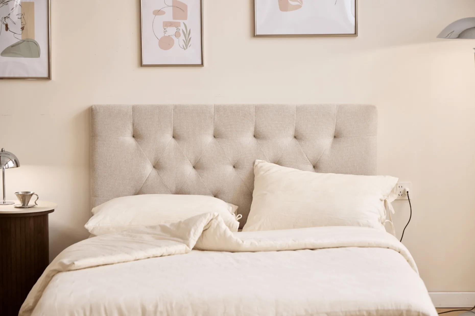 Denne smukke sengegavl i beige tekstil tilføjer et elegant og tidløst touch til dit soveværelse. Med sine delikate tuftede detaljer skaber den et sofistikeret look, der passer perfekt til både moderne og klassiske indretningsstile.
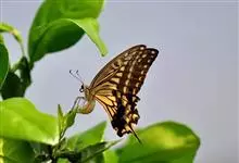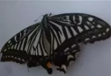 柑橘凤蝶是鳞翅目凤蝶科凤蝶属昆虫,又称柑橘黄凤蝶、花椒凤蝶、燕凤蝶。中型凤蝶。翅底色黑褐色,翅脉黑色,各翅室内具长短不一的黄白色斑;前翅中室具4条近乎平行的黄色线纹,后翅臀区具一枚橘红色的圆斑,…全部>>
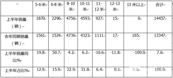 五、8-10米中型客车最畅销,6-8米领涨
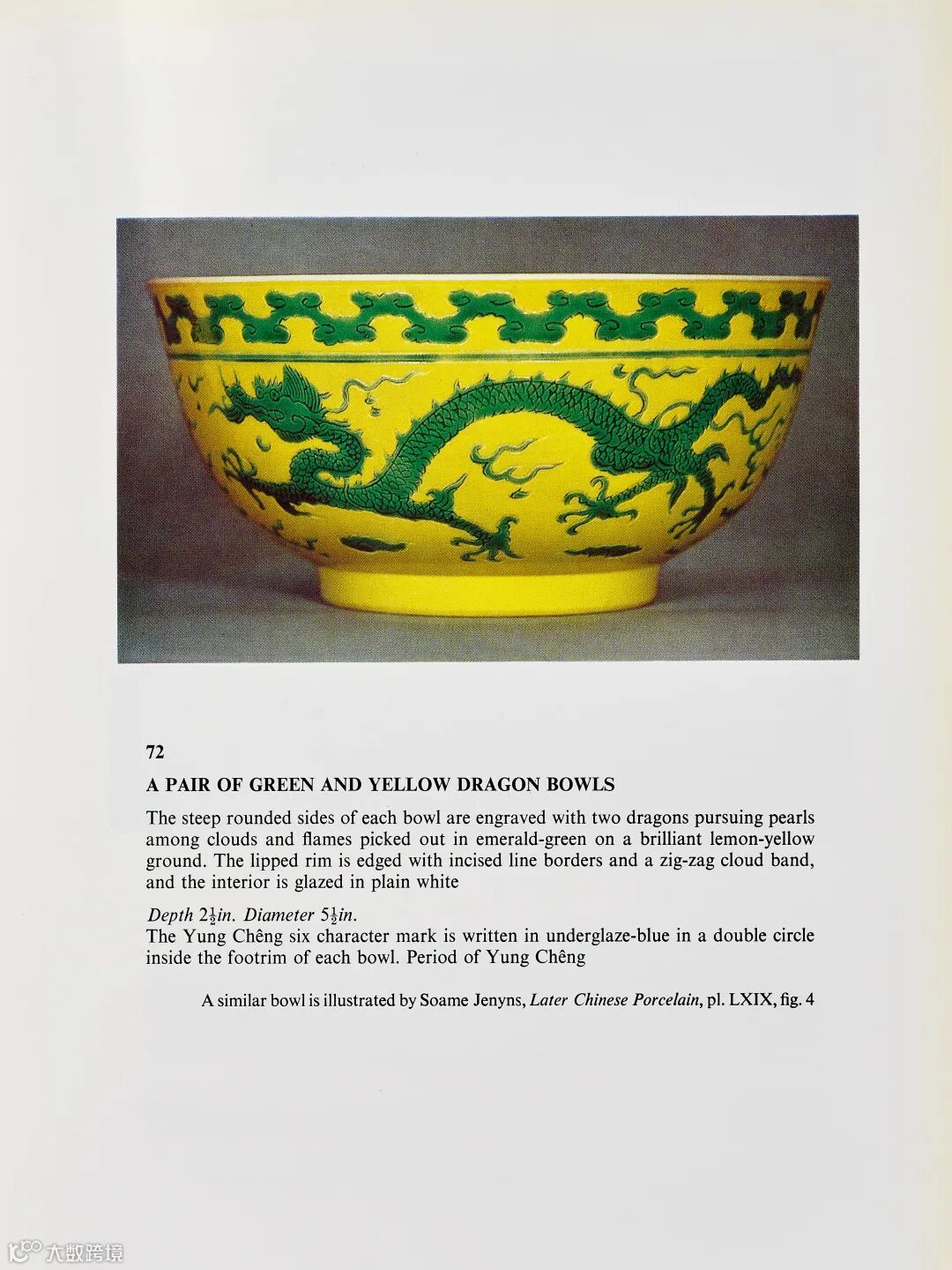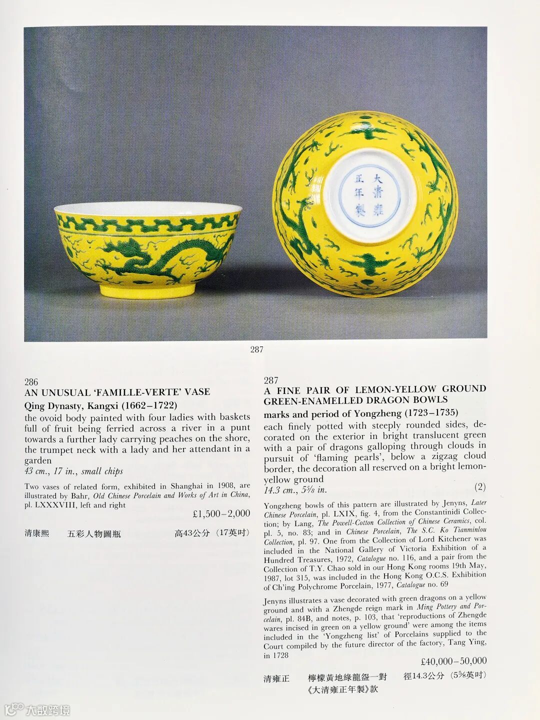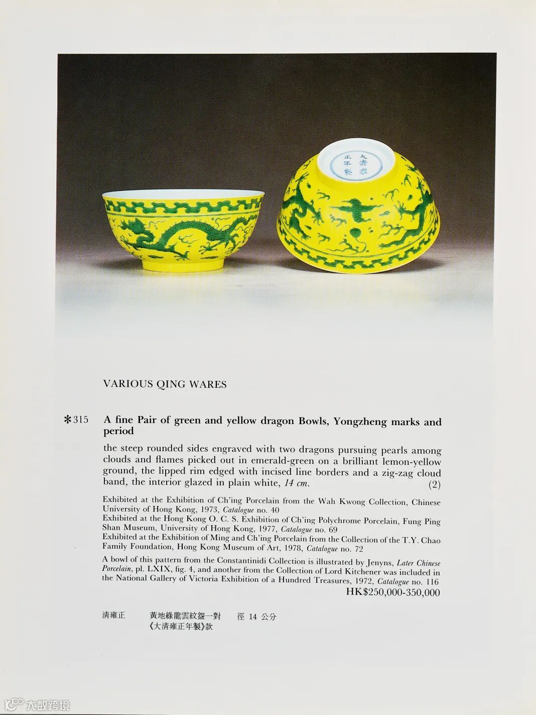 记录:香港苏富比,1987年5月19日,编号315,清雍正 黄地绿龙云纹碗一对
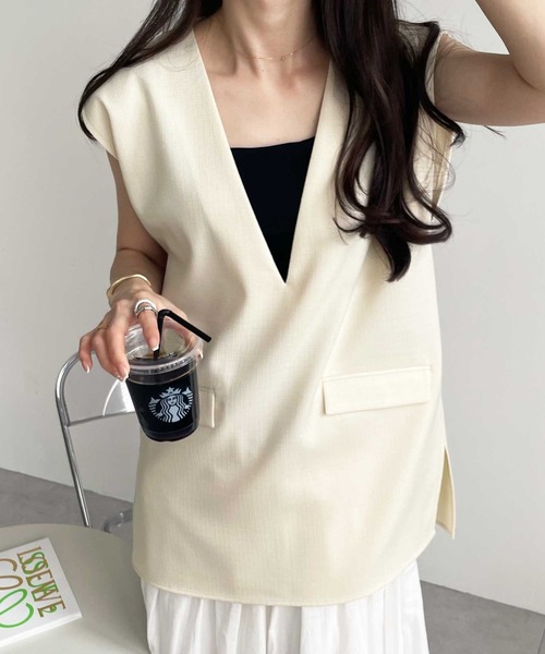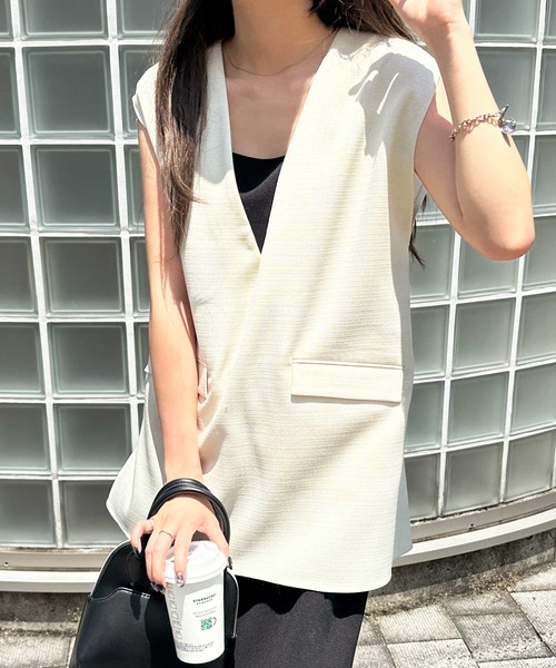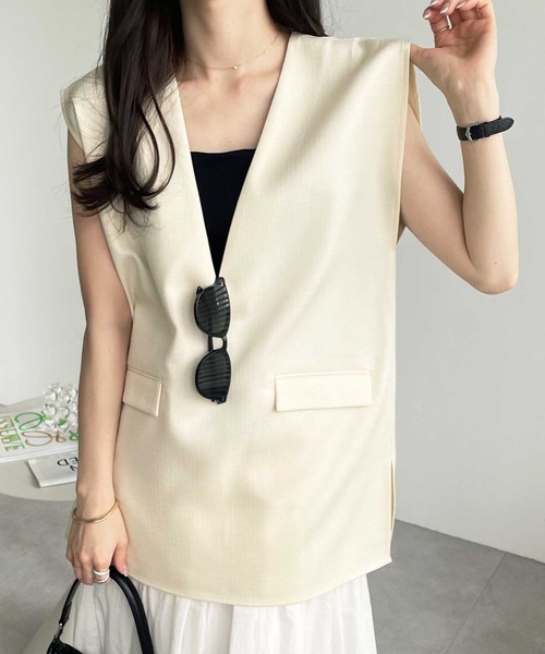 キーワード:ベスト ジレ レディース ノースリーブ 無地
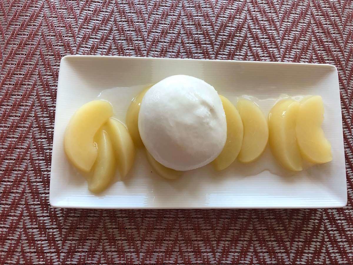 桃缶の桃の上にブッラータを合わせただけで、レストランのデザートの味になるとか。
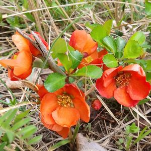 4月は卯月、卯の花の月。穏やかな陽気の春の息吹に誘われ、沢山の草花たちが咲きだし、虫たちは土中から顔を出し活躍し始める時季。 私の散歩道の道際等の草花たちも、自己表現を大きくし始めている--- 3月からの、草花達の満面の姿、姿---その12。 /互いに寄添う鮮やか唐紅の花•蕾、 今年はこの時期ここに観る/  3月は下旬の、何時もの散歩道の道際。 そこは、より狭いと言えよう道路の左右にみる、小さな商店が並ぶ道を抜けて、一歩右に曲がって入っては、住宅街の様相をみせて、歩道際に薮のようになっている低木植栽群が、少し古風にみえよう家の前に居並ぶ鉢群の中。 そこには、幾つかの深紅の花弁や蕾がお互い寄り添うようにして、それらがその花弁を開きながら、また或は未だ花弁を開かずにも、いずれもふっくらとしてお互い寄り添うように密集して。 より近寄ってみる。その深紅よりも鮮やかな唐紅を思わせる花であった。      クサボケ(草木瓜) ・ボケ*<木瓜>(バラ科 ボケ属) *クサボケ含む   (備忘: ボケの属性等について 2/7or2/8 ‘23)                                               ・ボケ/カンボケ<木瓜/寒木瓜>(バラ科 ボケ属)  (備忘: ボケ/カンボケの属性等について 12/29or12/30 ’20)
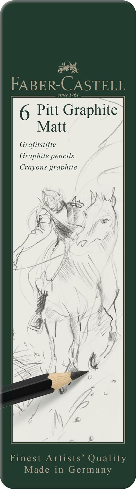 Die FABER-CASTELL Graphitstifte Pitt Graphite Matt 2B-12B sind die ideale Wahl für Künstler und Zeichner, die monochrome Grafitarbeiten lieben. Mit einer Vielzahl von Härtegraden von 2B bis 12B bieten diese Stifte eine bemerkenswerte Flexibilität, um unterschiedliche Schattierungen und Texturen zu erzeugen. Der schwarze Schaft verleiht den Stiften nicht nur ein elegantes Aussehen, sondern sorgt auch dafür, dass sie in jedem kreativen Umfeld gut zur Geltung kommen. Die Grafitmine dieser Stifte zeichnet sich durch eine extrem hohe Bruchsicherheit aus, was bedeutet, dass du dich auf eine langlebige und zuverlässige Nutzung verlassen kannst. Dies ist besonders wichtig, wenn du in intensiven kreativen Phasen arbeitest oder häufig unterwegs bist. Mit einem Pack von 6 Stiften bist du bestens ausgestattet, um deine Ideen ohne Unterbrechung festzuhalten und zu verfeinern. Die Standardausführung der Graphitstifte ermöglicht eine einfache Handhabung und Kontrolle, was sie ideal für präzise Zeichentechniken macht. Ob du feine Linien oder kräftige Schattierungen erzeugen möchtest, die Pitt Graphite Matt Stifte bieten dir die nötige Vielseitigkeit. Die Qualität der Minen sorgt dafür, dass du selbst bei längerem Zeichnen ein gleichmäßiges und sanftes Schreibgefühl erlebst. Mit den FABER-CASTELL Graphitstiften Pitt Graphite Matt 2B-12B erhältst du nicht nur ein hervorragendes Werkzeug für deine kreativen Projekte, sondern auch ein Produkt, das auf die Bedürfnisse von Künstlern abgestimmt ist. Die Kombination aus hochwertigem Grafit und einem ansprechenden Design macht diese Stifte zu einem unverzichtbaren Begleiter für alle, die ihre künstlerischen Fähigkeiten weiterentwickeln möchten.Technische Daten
○ ○ ○ ○ ○
• THE TASK:
For this exercise, return the material word for word and drop each image.

• RESPONSE TO THIS EXERCISE:
 Denne smukke sengegavl i beige tekstil tilføjer et elegant og tidløst touch til dit soveværelse. Med sine delikate tuftede detaljer skaber den et sofistikeret look, der passer perfekt til både moderne og klassiske indretningsstile.
 柑橘凤蝶是鳞翅目凤蝶科凤蝶属昆虫,又称柑橘黄凤蝶、花椒凤蝶、燕凤蝶。中型凤蝶。翅底色黑褐色,翅脉黑色,各翅室内具长短不一的黄白色斑;前翅中室具4条近乎平行的黄色线纹,后翅臀区具一枚橘红色的圆斑,…全部>>
 五、8-10米中型客车最畅销,6-8米领涨
 记录:香港苏富比,1987年5月19日,编号315,清雍正 黄地绿龙云纹碗一对
 キーワード:ベスト ジレ レディース ノースリーブ 無地
 桃缶の桃の上にブッラータを合わせただけで、レストランのデザートの味になるとか。
 4月は卯月、卯の花の月。穏やかな陽気の春の息吹に誘われ、沢山の草花たちが咲きだし、虫たちは土中から顔を出し活躍し始める時季。 私の散歩道の道際等の草花たちも、自己表現を大きくし始めている--- 3月からの、草花達の満面の姿、姿---その12。 /互いに寄添う鮮やか唐紅の花•蕾、 今年はこの時期ここに観る/  3月は下旬の、何時もの散歩道の道際。 そこは、より狭いと言えよう道路の左右にみる、小さな商店が並ぶ道を抜けて、一歩右に曲がって入っては、住宅街の様相をみせて、歩道際に薮のようになっている低木植栽群が、少し古風にみえよう家の前に居並ぶ鉢群の中。 そこには、幾つかの深紅の花弁や蕾がお互い寄り添うようにして、それらがその花弁を開きながら、また或は未だ花弁を開かずにも、いずれもふっくらとしてお互い寄り添うように密集して。 より近寄ってみる。その深紅よりも鮮やかな唐紅を思わせる花であった。      クサボケ(草木瓜) ・ボケ*<木瓜>(バラ科 ボケ属) *クサボケ含む   (備忘: ボケの属性等について 2/7or2/8 ‘23)                                               ・ボケ/カンボケ<木瓜/寒木瓜>(バラ科 ボケ属)  (備忘: ボケ/カンボケの属性等について 12/29or12/30 ’20)
 Die FABER-CASTELL Graphitstifte Pitt Graphite Matt 2B-12B sind die ideale Wahl für Künstler und Zeichner, die monochrome Grafitarbeiten lieben. Mit einer Vielzahl von Härtegraden von 2B bis 12B bieten diese Stifte eine bemerkenswerte Flexibilität, um unterschiedliche Schattierungen und Texturen zu erzeugen. Der schwarze Schaft verleiht den Stiften nicht nur ein elegantes Aussehen, sondern sorgt auch dafür, dass sie in jedem kreativen Umfeld gut zur Geltung kommen. Die Grafitmine dieser Stifte zeichnet sich durch eine extrem hohe Bruchsicherheit aus, was bedeutet, dass du dich auf eine langlebige und zuverlässige Nutzung verlassen kannst. Dies ist besonders wichtig, wenn du in intensiven kreativen Phasen arbeitest oder häufig unterwegs bist. Mit einem Pack von 6 Stiften bist du bestens ausgestattet, um deine Ideen ohne Unterbrechung festzuhalten und zu verfeinern. Die Standardausführung der Graphitstifte ermöglicht eine einfache Handhabung und Kontrolle, was sie ideal für präzise Zeichentechniken macht. Ob du feine Linien oder kräftige Schattierungen erzeugen möchtest, die Pitt Graphite Matt Stifte bieten dir die nötige Vielseitigkeit. Die Qualität der Minen sorgt dafür, dass du selbst bei längerem Zeichnen ein gleichmäßiges und sanftes Schreibgefühl erlebst. Mit den FABER-CASTELL Graphitstiften Pitt Graphite Matt 2B-12B erhältst du nicht nur ein hervorragendes Werkzeug für deine kreativen Projekte, sondern auch ein Produkt, das auf die Bedürfnisse von Künstlern abgestimmt ist. Die Kombination aus hochwertigem Grafit und einem ansprechenden Design macht diese Stifte zu einem unverzichtbaren Begleiter für alle, die ihre künstlerischen Fähigkeiten weiterentwickeln möchten.Technische Daten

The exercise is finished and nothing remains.